━━ DATA BLOCK
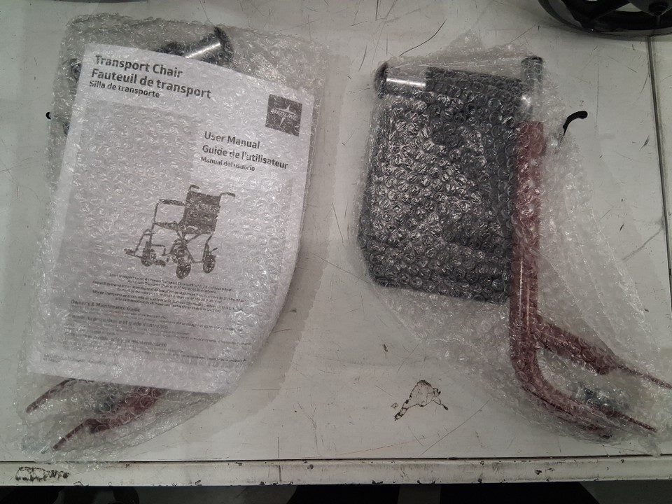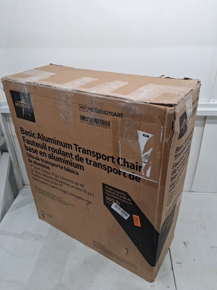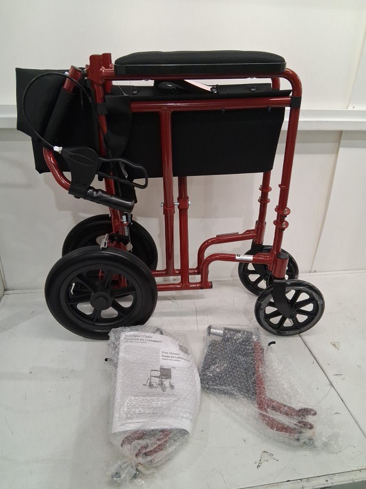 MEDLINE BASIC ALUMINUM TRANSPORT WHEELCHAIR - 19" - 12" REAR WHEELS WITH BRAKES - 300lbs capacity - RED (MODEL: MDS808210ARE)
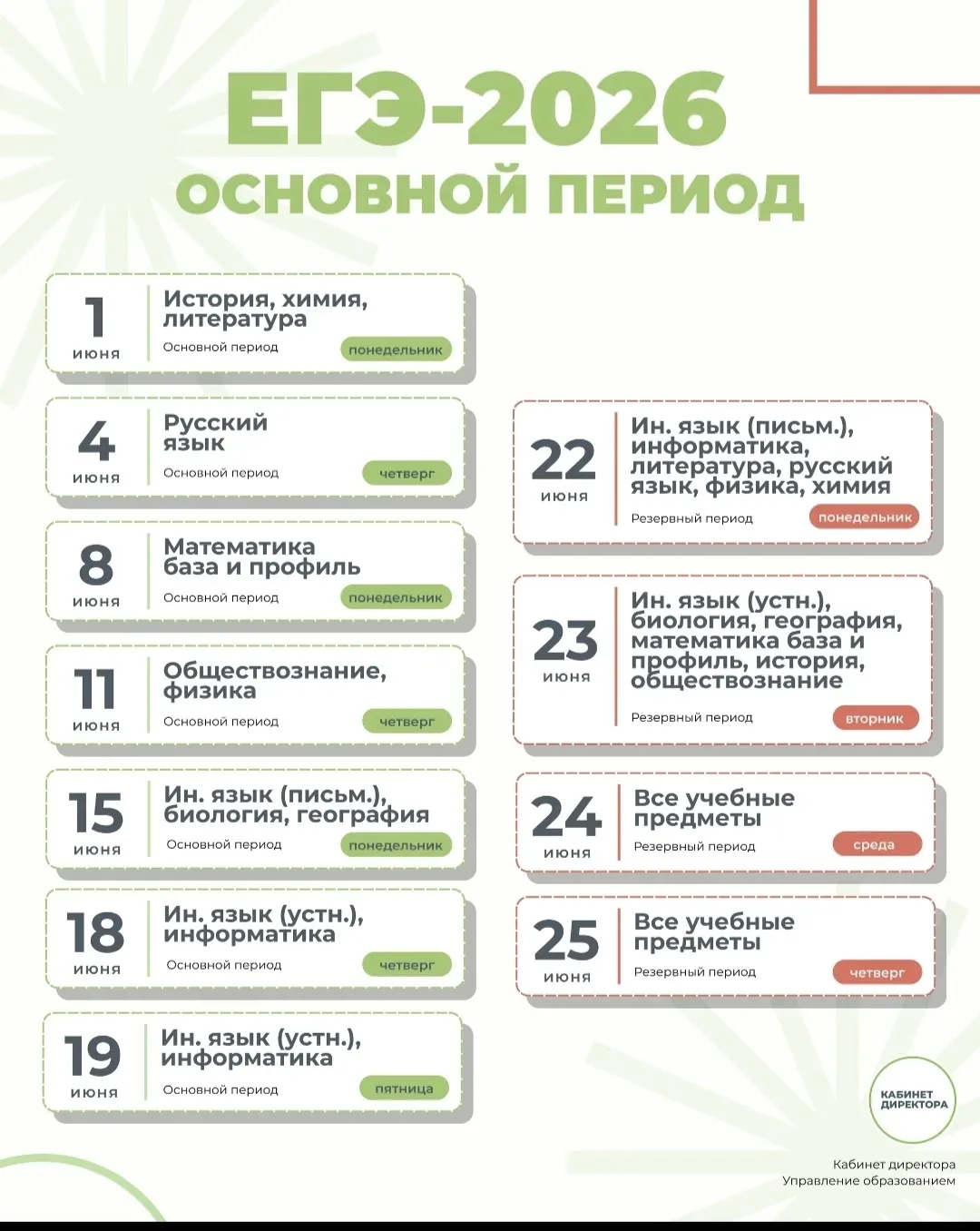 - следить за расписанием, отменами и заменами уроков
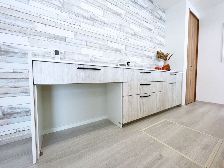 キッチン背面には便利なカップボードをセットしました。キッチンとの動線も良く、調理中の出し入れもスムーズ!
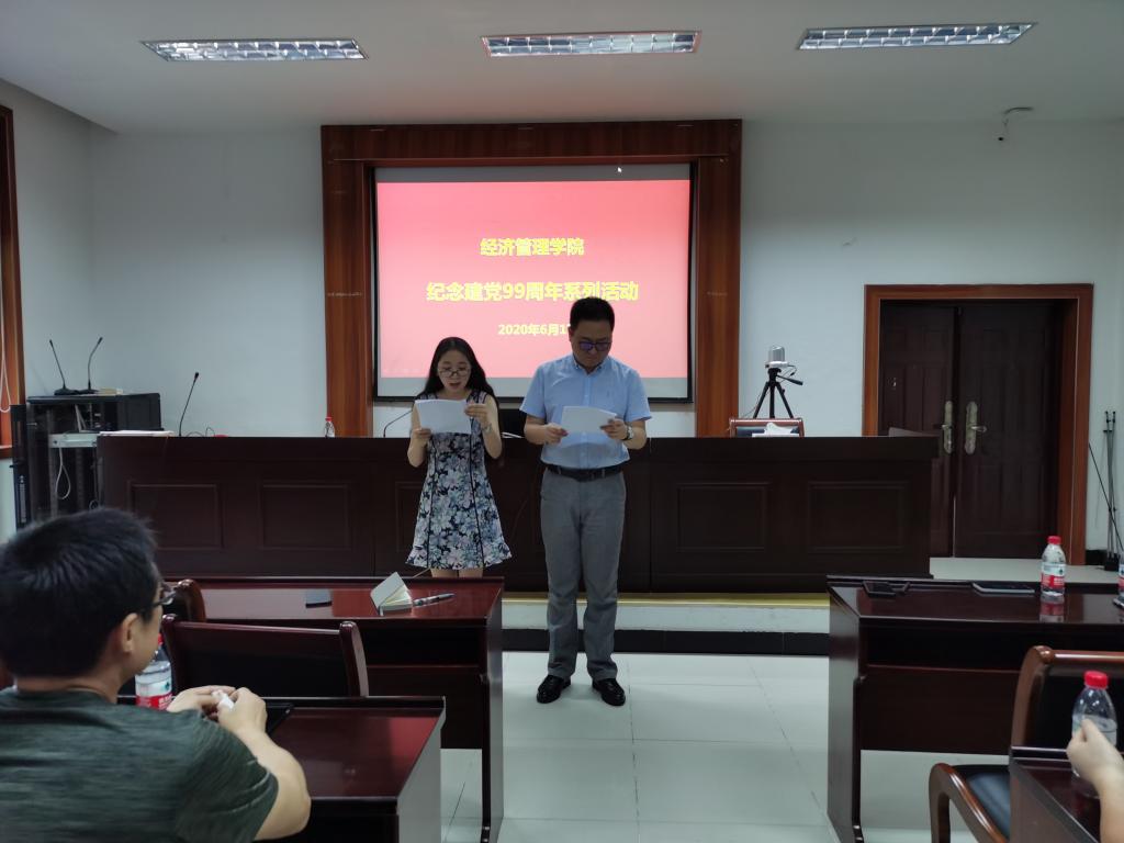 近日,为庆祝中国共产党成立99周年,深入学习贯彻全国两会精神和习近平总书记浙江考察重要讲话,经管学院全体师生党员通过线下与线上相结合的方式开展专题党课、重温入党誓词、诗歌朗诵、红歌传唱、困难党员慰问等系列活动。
━━━━
• _WHAT TO DO_
The required output is the lines from the one containing "キッチン背面には便利なカップ" through the end of the data, printed exactly, with no pictures.

• _FINISHED TASK_
 キッチン背面には便利なカップボードをセットしました。キッチンとの動線も良く、調理中の出し入れもスムーズ!
 近日,为庆祝中国共产党成立99周年,深入学习贯彻全国两会精神和习近平总书记浙江考察重要讲话,经管学院全体师生党员通过线下与线上相结合的方式开展专题党课、重温入党誓词、诗歌朗诵、红歌传唱、困难党员慰问等系列活动。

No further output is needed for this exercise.